When PFAs or PFACs are partnering in research, the orientation they received for their PFA role is usually appropriate for many levels of collaboration with researchers as long as personal data from studies are not shared. If PFAs are being asked to serve on research teams, or on research committees, they will need additional training specifically in human subject protection (e.g., IRB training). Determine whether they need this training by asking?
- Will they have access to human subject data?
- Will they have responsibility for upholding research ethics?
- Will they be directly involved in shaping research methodology?
- Will they participate in conducting the study?
Engage compliance, ethics, legal, and regulatory staff to determine if IRB training should be part of PFA orientation to research process.
Institutional Review Board (IRB). The purpose of IRB review is to assure, both in advance and by periodic review, that appropriate steps are taken to protect the rights and welfare of humans participating as subjects in the research. To accomplish this purpose, IRBs use a group process to review research protocols and related materials (e.g., informed consent documents and investigator brochures) to ensure protection of the rights and welfare of human subjects of research. An IRB has the authority to approve, require modifications in (to secure approval), or disapprove research. (Source: USFDA)
Highlights from the Field
In response to the need for IRB training for PFAs, institutions are creating innovative training programs that are aimed at patient and family advisors and community members.

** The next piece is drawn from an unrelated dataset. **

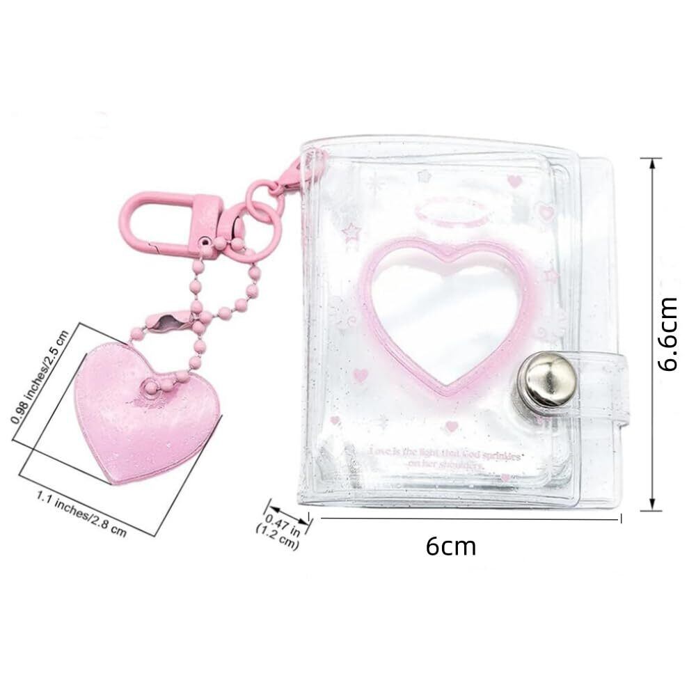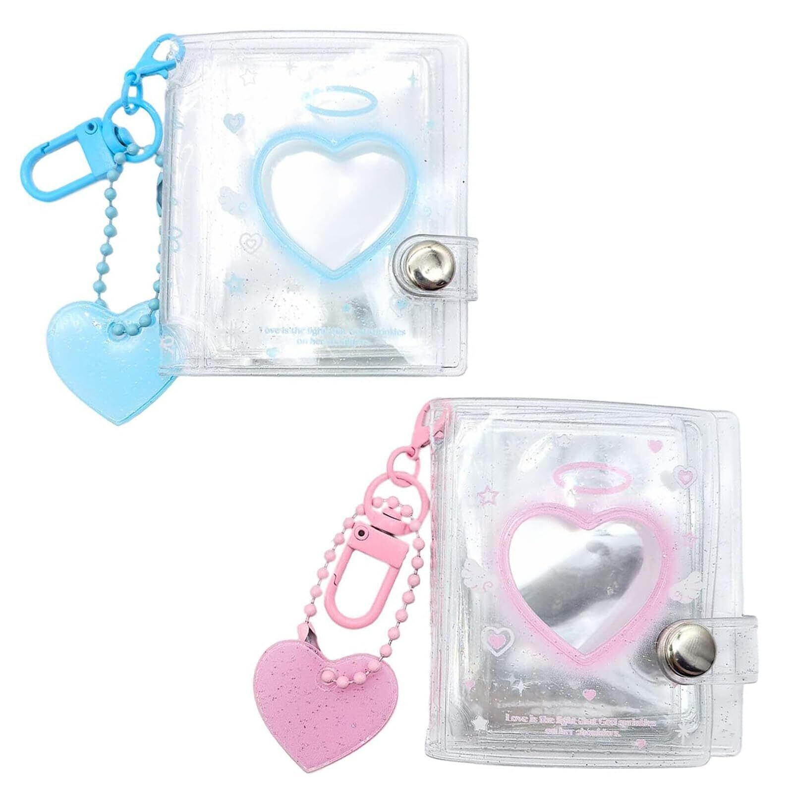 フォトアルバムキーチェーン 2個入り ミニ インタースティシャルポケット 2インチ 透明 持ち運び便利 防水 バインダー 写真収納 内ページ40枚付属 (ピンク+ブルー)

The Children’s Hospital of Philadelphia has developed advisor-focused IRB training in the form of a three-part online training. The University of Maryland-Baltimore and University of Colorado-Denver have both recognized the need for specialized IRB training for PFAs and have developed group training that includes classroom content introduction with group discussion followed by knowledge testing. At Michigan Medicine, interactive IRB training is provided to community partners, focusing on the history, relevance, and significance of current regulations, the applicability of informed consent requirements in community settings, and ethical importance of IRBs and research.